AI/ML Technology Utilized to Combat Systemic Racism
Written By: Olivia Klayman

While the applications of AI/ML technology are seemingly endless, these technological offerings are often criticized for its propensity toward bias. Confirmation, survivor, and search bias are all tangible examples of how data can unintentionally be used to shape a narrative that is not an accurate representation of reality. Recent developments, however, indicate that a future of radical and positive change is on the horizon.

 IBM has recently begun to utilize AI/ML to address concerns of rectifying racial inequity from a technological front. Specifically, their “Call for Code for Racial Justice” initiative is exclusively dedicated to championing advancements in tech for social good (IBM). First started amidst the prime of #BlackLivesMatter movement of 2020, this initiative continues to be the culmination of seven ongoing projects that identify and pursue areas of focus with the greatest aptitude to fight systematic, racial bias (IBM).

 What does a campaign of this sort even look like in the real-world context? Where do we even start?

 Access to information. The ‘power of data’ cannot fully be realized until it captures the breadth of its complexity. In other words, a large amount of data cannot be made actionable if not properly comprehended. For example, the more data that accumulates in a silo, the more untenable it will become. There can be extreme repercussions in the context of the policy and government sectors, where information cannot be used to support the interests of underserved communities (IBM). Once AI/ML has successfully streamlined the ‘readability’ of complex data sets, it will likely blossom into meaningful, impactful change for individuals from any given community.

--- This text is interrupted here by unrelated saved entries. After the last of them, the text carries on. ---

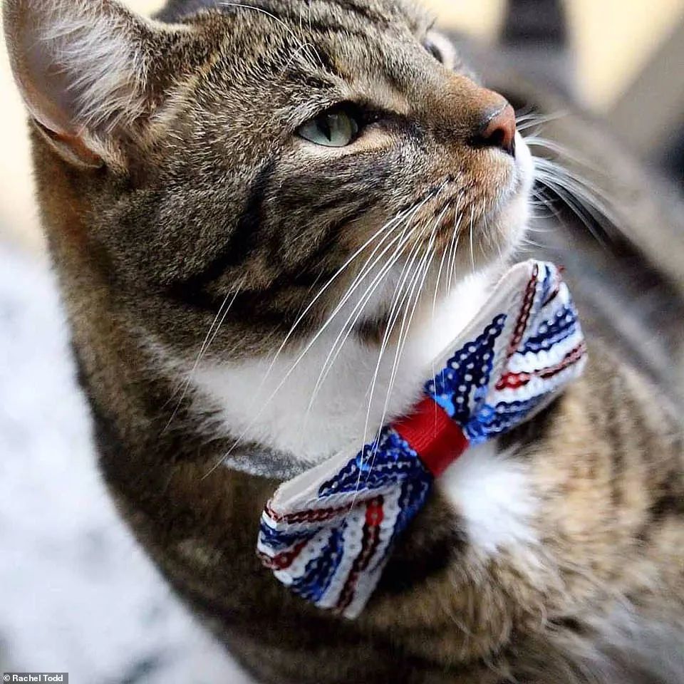 英国民众为自己的宠物猫打上国旗范儿的领结。
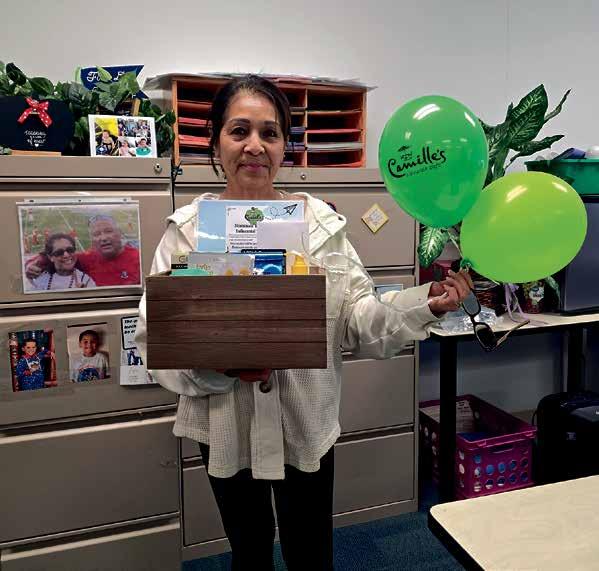 Receiving Teacher of the Month was one of those meaningful moments for Mrs. G. She shared that she was overwhelmed and honored by the recognition. A regular at Camille’s, she joked that the award felt especially perfect. Her favorite item is the peanut butter treat. She also enjoys the flatbread pizzas and the Bangkok Thai Wrap. Camille’s is a favorite meeting spot where she enjoys gathering with colleagues.
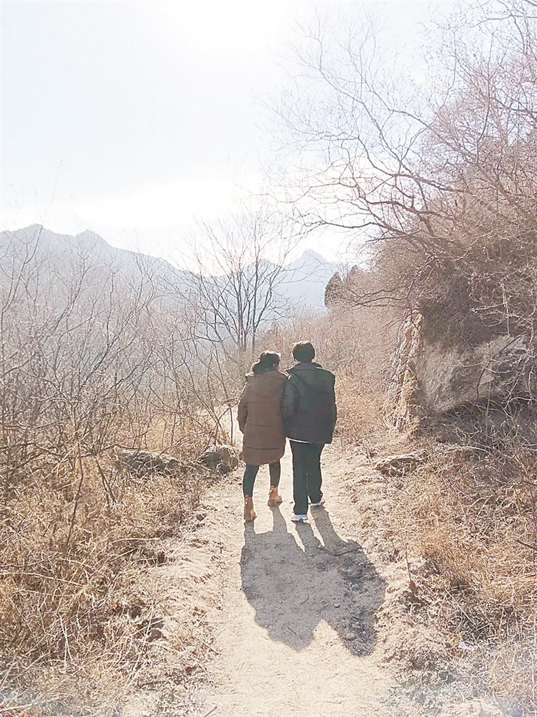 春节期间,我和妻子带着孩子们去爬山。妻子和女儿走在前面,女儿不由得将胳膊伸进妈妈的臂弯,紧紧搀扶着。扑面的阳光温暖和煦,她们身后的影子拉得很长、很长……
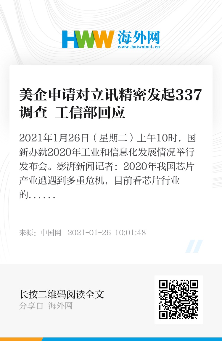 至于你刚才提到的立讯精密,也对此作个简要回应。近日,美国企业向美国国际贸易委员会提出对我国立讯精密等企业发起337调查申请,指控相关企业在美出口、进口或销售的特定电气连接器和保持架及组件和下游产品侵犯其专利,工信部对此高度关注。应该说,我国电子信息产业发展既有赖于本土企业的壮大、崛起,也离不开有效的国际合作。作为产业主管部门,我们积极支持电子元器件和精密加工企业高质量发展,我们坚决保护知识产权,同时也反对滥用权利,打压正常商业竞争的霸凌行为。针对上述337调查申请,相关企业已发布公告,并开展积极的应对。下一步,工信部将会同有关部门指导相关企业加强应对,维护好企业的合法权益。谢谢。
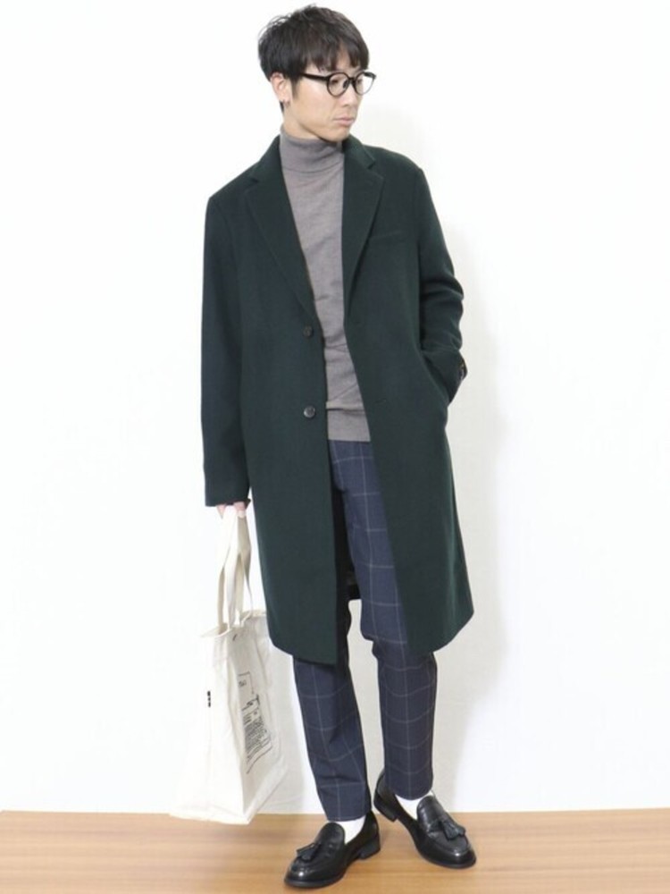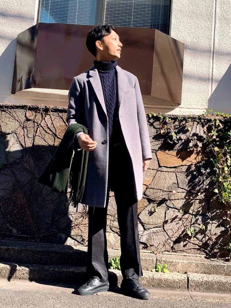 タートルネックとチェスターコートの組み合わせは、上品なコーデを作りたいときに最適です。足元はスニーカーですが、裾が広がったフレアパンツで大人なエレガントさをキープ。ネイビーと相性のいいグリーンのストールを巻けば、ワンランク上の着こなしに。年齢問わず真似したいメンズコーデです。
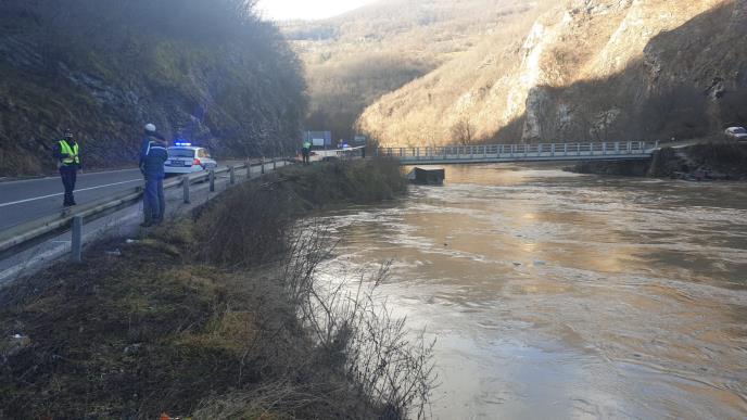 Prijepolje - Pripadnici policije obezbeđuju deonicu puta kod Bistrice i čeka se dolazak ronilačkih ekipa koje će započeti izvlačenje automobila koji je završio u reci Lim.
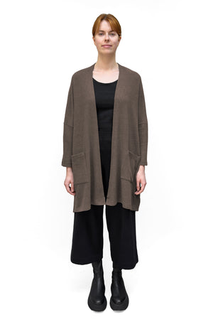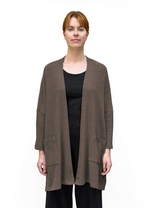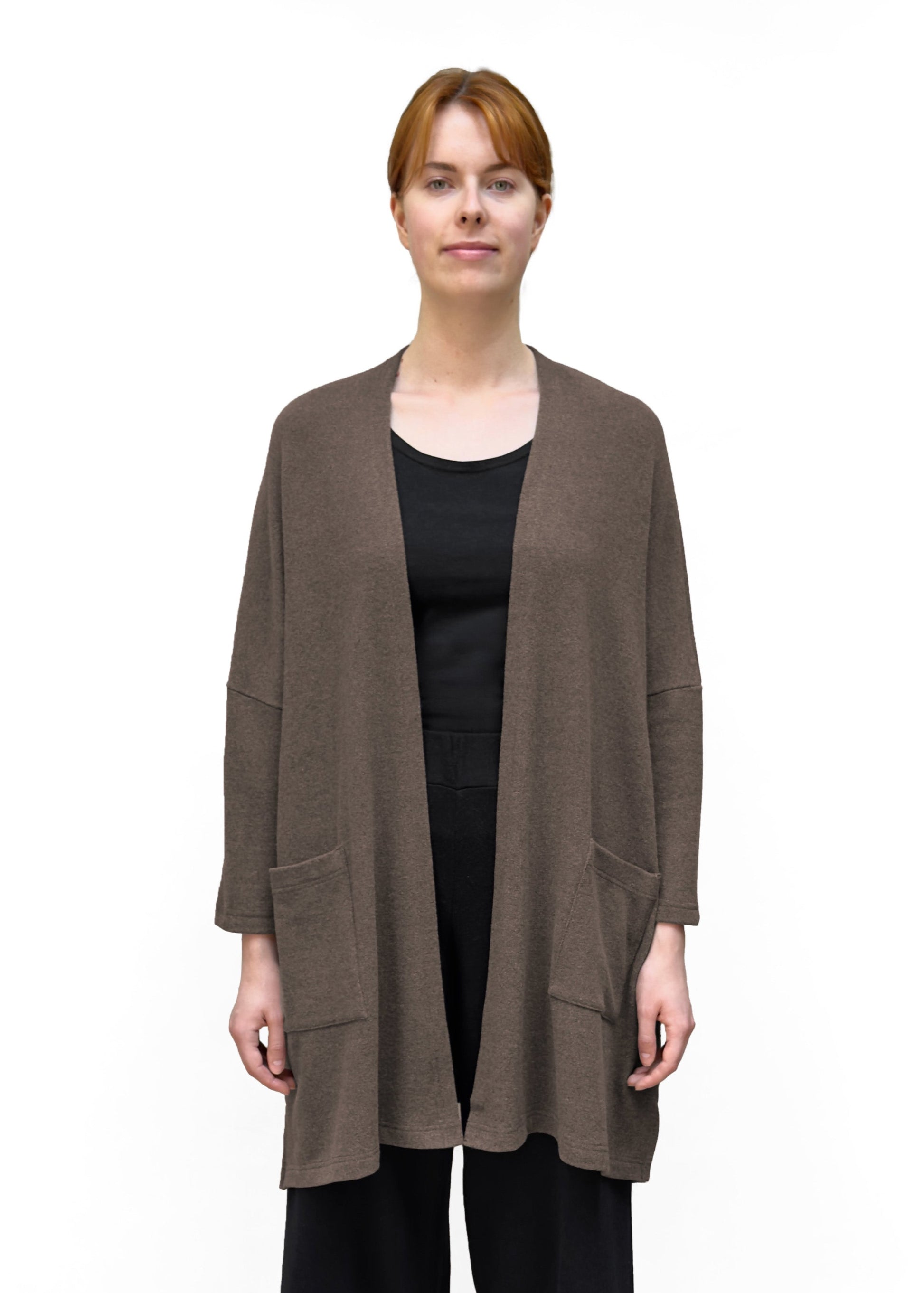 A long, open cardigan with long sleeves in Mama B's cozy knit fabric. It has a relaxed body and fitted sleeves that start at the elbow. This cardigan falls long, to mid-thigh and has two patch pockets in front.
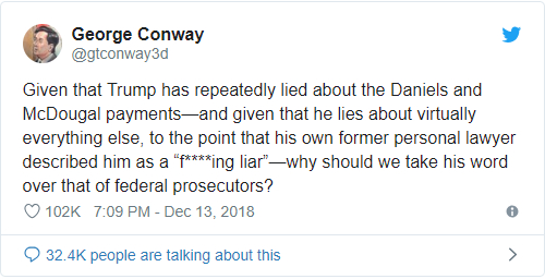 鉴于特朗普一再对付款给丹妮尔斯和麦克多格的事情撒谎,并且考虑到他在几乎所有其他事情都撒谎,以至于他自己的前私人律师说他是”他妈的骗子’ —— 那我们有什么理由相信他的话,而不相信联邦检察官呢?
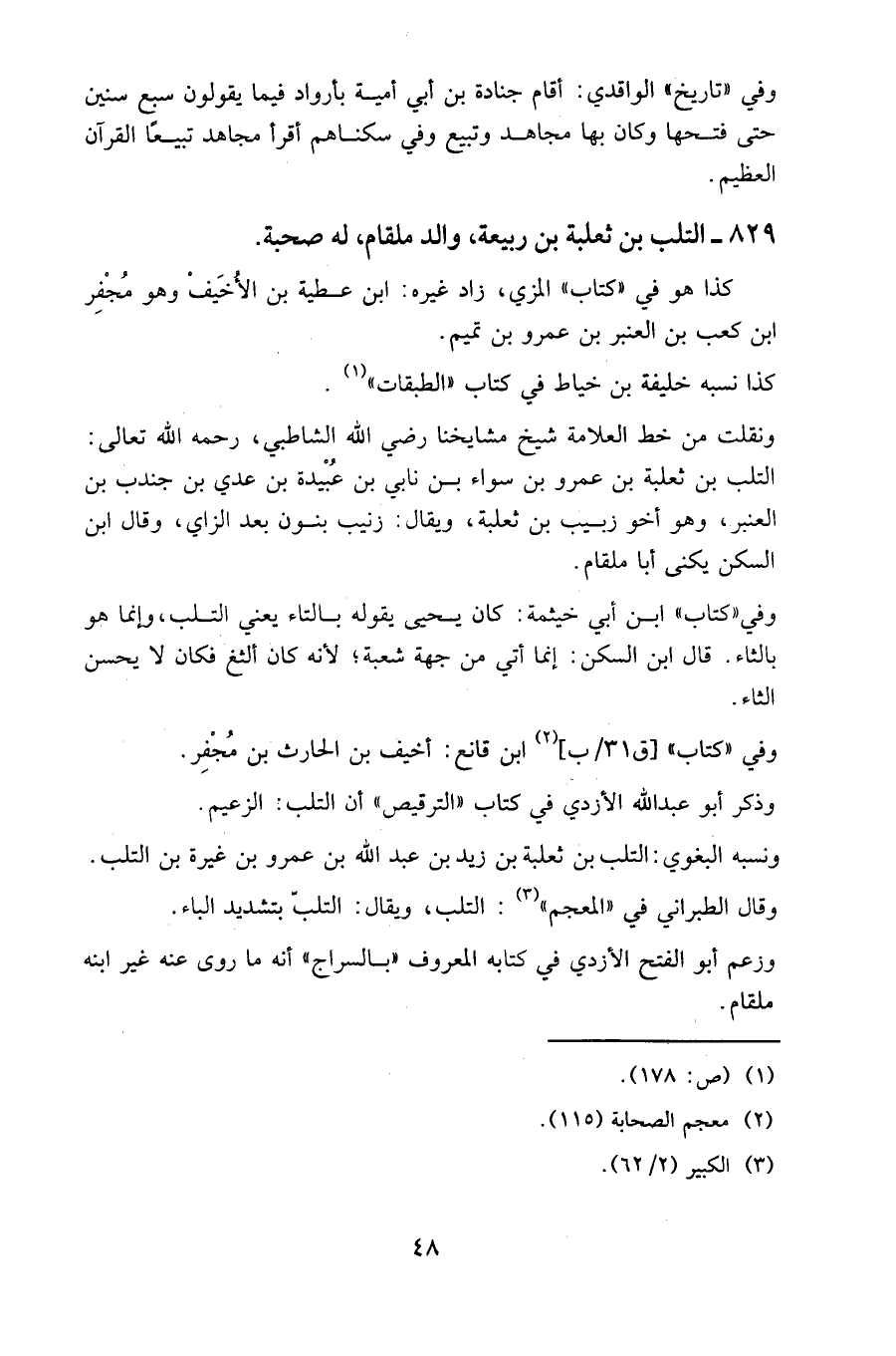 829 - التلب بن ثعلبة بن ربيعة، والد ملقام، له صحبة.

 Identifying Racial Bias. While its presence in data is not always malicious, “racial bias” can be found in a diverse range of locations. Whether accounts of crimes that took place or even police reports, there are many examples within reach where technology can at times fall short of its potential for tangible good (IBM). There are many accounts that attest to the unreliability of facial recognition algorithms, for example, due to their demonstrated lack of accuracy to identify people of color successfully (MIT). Since AI/ML models learn from a data training set, their findings will be as racist or inconclusive as its programmer. With a long history of systemic racism in the United States, we can understand the gravity of how corrupted data can be pervasive throughout many generations, if left unaddressed.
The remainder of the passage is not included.